Он углублялся в воспоминания, приводил детали, которые интересовали меня не больше, чем хоккейный репортаж по телевидению, но я не подавала виду. Потом в его рассказе чаще других стало мелькать одно имя – Арло. Арло, как я поняла, был его лучшим другом, чем-то большим, чем друг; такими друзьями (и как знать, только ли друзьями) люди становятся на войне.

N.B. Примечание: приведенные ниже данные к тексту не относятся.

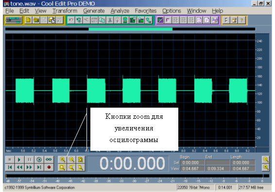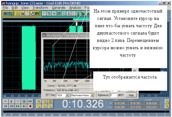 Для анализа можно воспользоваться также демо-версией программы “CoolEdit Pro” (http://cooledit.com)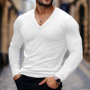 Homme T-shirt Débardeur Musclé T-shirt en tricot côtelé manche longue Col en V Été Uni Bande de Fosse Mode Designer Basique Col en V Vacances Rue Sortir Noir Blanche T-shirt haut de gamme pour homme |
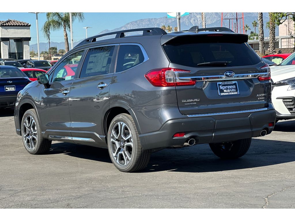 2025 Subaru Ascent Touring AWD — exceptional value in San Bernardino, CA. This premium three-row SUV pairs Subaru's efficient 2.4L turbocharged 4-cylinder engine with Symmetrical All-Wheel Drive for confident handling and impressive fuel economy on city streets and mountain roads. Thoughtfully equipped for comfort and convenience, the Touring trim includes Navigation to guide every route, Remote Start for climate-controlled cabin readiness, and a Heated Steering Wheel for cold mornings. Safety-minded Subaru features are abundant: Adaptive Cruise Control helps maintain safe following distances on highway drives, while the Back-Up Camera enhances rear visibility during parking and tight maneuvers. The interior combines upscale materials with versatile seating and cargo solutions, making the Subaru Ascent Touring ideal for family trips, commuting, and outdoor adventures. Located in San Bernardino, CA, this 2025 Subaru Ascent Touring is competitively priced and listed as the best price available locally — a smart choice for buyers seeking top-tier safety, technology, and AWD confidence without overspending. Schedule a test drive to experience the responsive powertrain, user-friendly infotainment, and thoughtful driver aids firsthand. Financing options and dealer-assisted services are available to streamline purchase and ownership. Contact us for a personalized quote or to reserve this well-equipped 2025 Subaru Ascent Touring in San Bernardino today.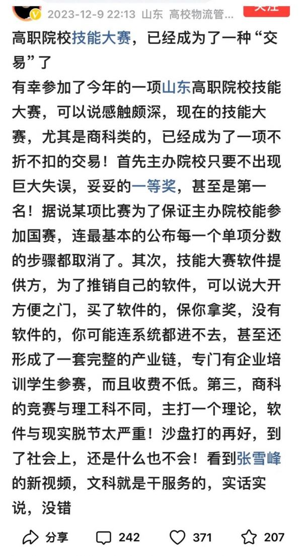 可是职业技能竞赛的内幕是什么样的呢?网上有很多职业院校的老师现身说法,基本上揭示了职业技能大赛这个游戏的内幕,我截几张图片,以飨读者:

Как бы там ни было, однажды Кертис с Арло были «под огнем»; бой приобрел угрожающий характер. Им пришлось залечь, направив дула автоматов в сторону врага. Арло лежал рядом с Кертисом, и руки у них прямо-таки чесались открыть огонь. Внезапно в глаза Арло стал пикировать колибри. Арло отмахивался, но тот все время возвращался. Потом появился второй, третий. «Какого черта они к тебе пристают?» – спросил Кертис, и Арло вдруг догадался: колибри привлекают предметы голубого цвета, они их подбирают, чтобы строить гнезда; похоже, на этот раз в качестве стройматериала они выбрали глаза Арло.
В этот момент Кертис произнес: «У меня тоже глаза голубые…», но взмахи рук Арло, пытающегося отогнать птиц, привлекли внимание противника. Их обстреляли. Вот тогда-то пуля вошла в мошонку Кертиса, а другая пронзила сердце Арло, убив его наповал.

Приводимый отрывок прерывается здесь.